The way of Jesus is thus not a set of beliefs about Jesus. That people ever thought it was is strange, when we think about it—as if one entered new life by believing certain things to be true, or as if the only people who can be saved are those who know the word “Jesus.” Thinking that way virtually amounts to salvation by syllables.
Rather, the way of Jesus is the way of death and resurrection—the path of transition and transformation from an old way of being to a new way of being. To use the language of incarnation that is so central to John, Jesus incarnates the way. Incarnation means embodiment. Jesus is what the way embodied in a human life looks like. (from Borg’s, Reading Bible for First Time).
To follow Jesus is the daily challenge to be more fully human.
Over several days at my desk (doing the study thing!), I stared at the prior sentence and the blank, digital wilderness that loomed underneath. What could I write next? How can I authentically tell anyone that I follow Jesus, let alone how to follow Jesus’ way?
I know myself. I am selfish, lazy, biased, hypocritical, arrogant, indecisive, and sanctimonious. How can I follow if I’m so hollow? How dare I suggest to any other—indeed, to you reading this—that I know one thing about following Jesus?
And yet I believe one thing, especially with Lent’s journey orienting me toward Easter, toward incarnation, toward words becoming flesh, toward the risk of being more fully human. I believe there are myriad ways of following Jesus.
So, then, are all of those ways acceptable? Since I have learned much from other faith traditions, and also recognize the wide diversity of “tribes” within Christianity, I faithfully hesitate to rank or dismiss how others experience the Holy.
At many of the churches I served, I took groups on backpacks. The hikes included first-timers and trail veterans, middle-school students and seventy-something retirees. Though trekking along the same mountain path, each person had a distinctive pace. Some were slow, some fast. There were chatty ones and silent ones, photographers dawdling to “capture” wildflowers and those maintaining a steady rhythm. Regardless of hiking speed, I required everyone to wait at trail junctions. It provided time to check-in. It kept a group together. Occasionally my “rule” was ignored. Once, a grandfather and his ten-year old grandson hiked with other church members. Maybe trying to impress his grandson with his physical prowess or just enjoying time with the kid, they strode past a spot where multiple trails crisscrossed a ridge. My wife, accompanying me on that trip, dropped her pack and raced to catch them before they became lost in the woods.

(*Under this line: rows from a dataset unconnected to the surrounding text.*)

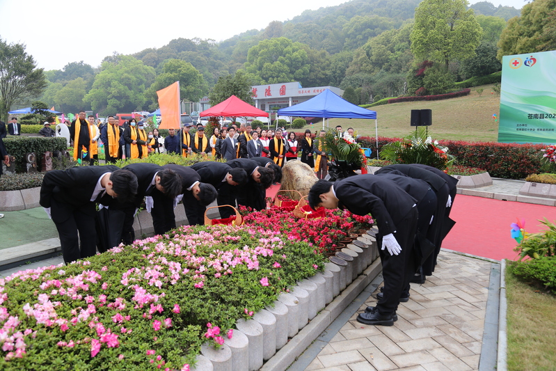 3月31日,苍南县2026年清明公祭暨人体器官捐献缅怀、生态安葬仪式在玉龙陵园人体器官遗体捐献纪念园举行。活动由苍南县民政局、县红十字会、桥墩镇人民政府联合主办,以“生命 曙光”为主题,以“生命有约 大爱永存”为核心理念,旨在推动形成敬畏生命、崇尚奉献、文明向善的社会新风。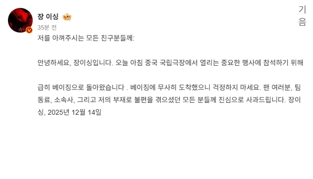 Zhang Yixing, 14 Aralık 2025”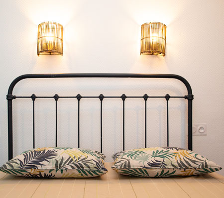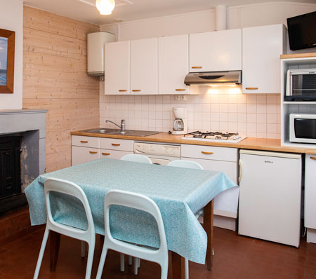 pain, autocuiseur, bouilloire, réfrigérateur ...). 1 chambre (1 lit 140x190, 2 lits 80 x 190 superposés), 1 salle d'eau avec WC, salon de jardin |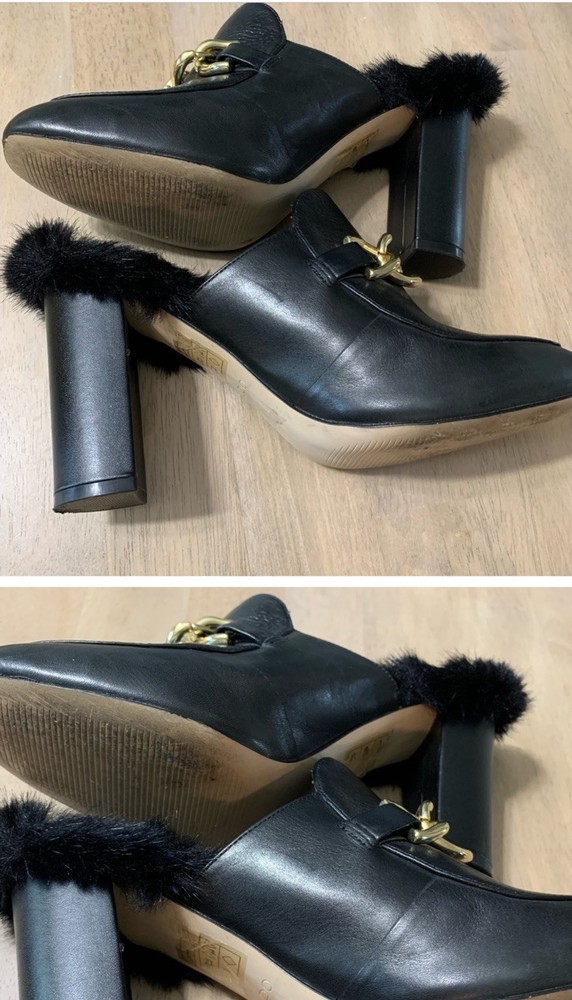 Aldo mules with leather uppers, faux fur on heal inner, attractive gold chain, very little wear. #C22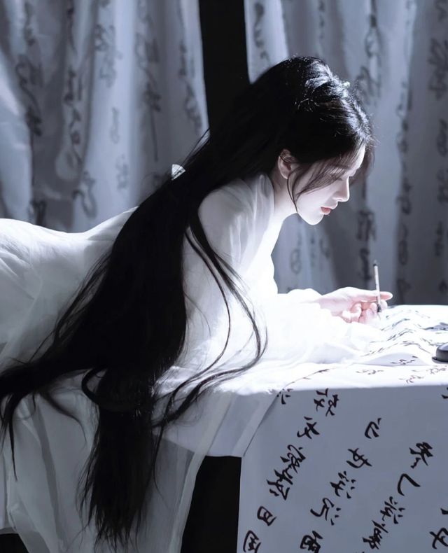 一头乌黑秀发垂在身后如黑色瀑布般顺滑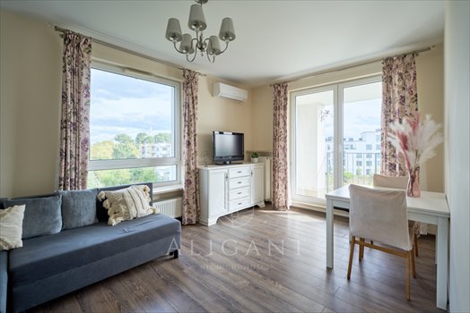 Lokal o powierzchni 51,5m² składa się z 2 pokoi, oddzielnej kuchni, łazienki, przedpokoju i loggi. Przestronny i jasny salon został wyposażony w klimatyzację, która zapewnia komfort w upalne dni. Duże okna doskonale doświetlają pomieszczenia. Mieszkanie zostało urządzone w spójnym stylu emanując klasą i elegancją. Kuchnia została wyposażona we wszystkie niezbędne sprzęty AGD. W sypialni znajdziemy duże łózko, dwie szafy oraz komodę, które zapewniają dużo miejsca do przechowywania. W łazience znajduje się wanna z szybą prysznicową - praktyczne i funkcjonalne rozwiązanie. W przedpokoju mieści się pojemna szafa, zapewniająca dodatkowe miejsce.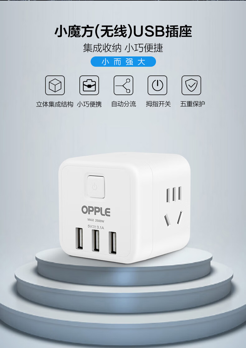商品名称:欧普 OPPLE C1502 10A 250V~ 总开关四个五孔三个USB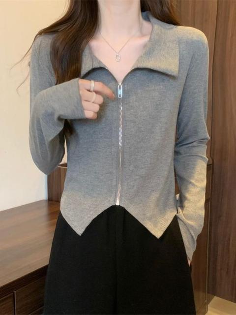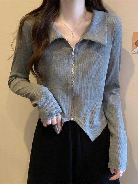 2025年初秋の新作レディースファッションポロカラーイレギュラーロングスリーブTシャツ、スリミングジッパースウェットシャツ/フリースセーター

Whether innocently or intentionally, it is seductive to see the world only through my eyes. When we follow with others, we are in relationship with those others. For Christ’s sake, becoming more fully human involves valuing every other human.
In this Sunday’s Gospel verses, the disciple Peter sought to “correct” Jesus, to disagree with Jesus’ path of suffering. Jesus accused Peter of thinking human thoughts rather than God’s thoughts. Peter wanted Jesus to serve God by following a way Peter preferred; I think Peter wanted Jesus to be just like Peter.
Lent, always more personal than seasonal, invites me to follow Jesus’ way, to discern where my particular path will strengthen my faith while respecting other paths.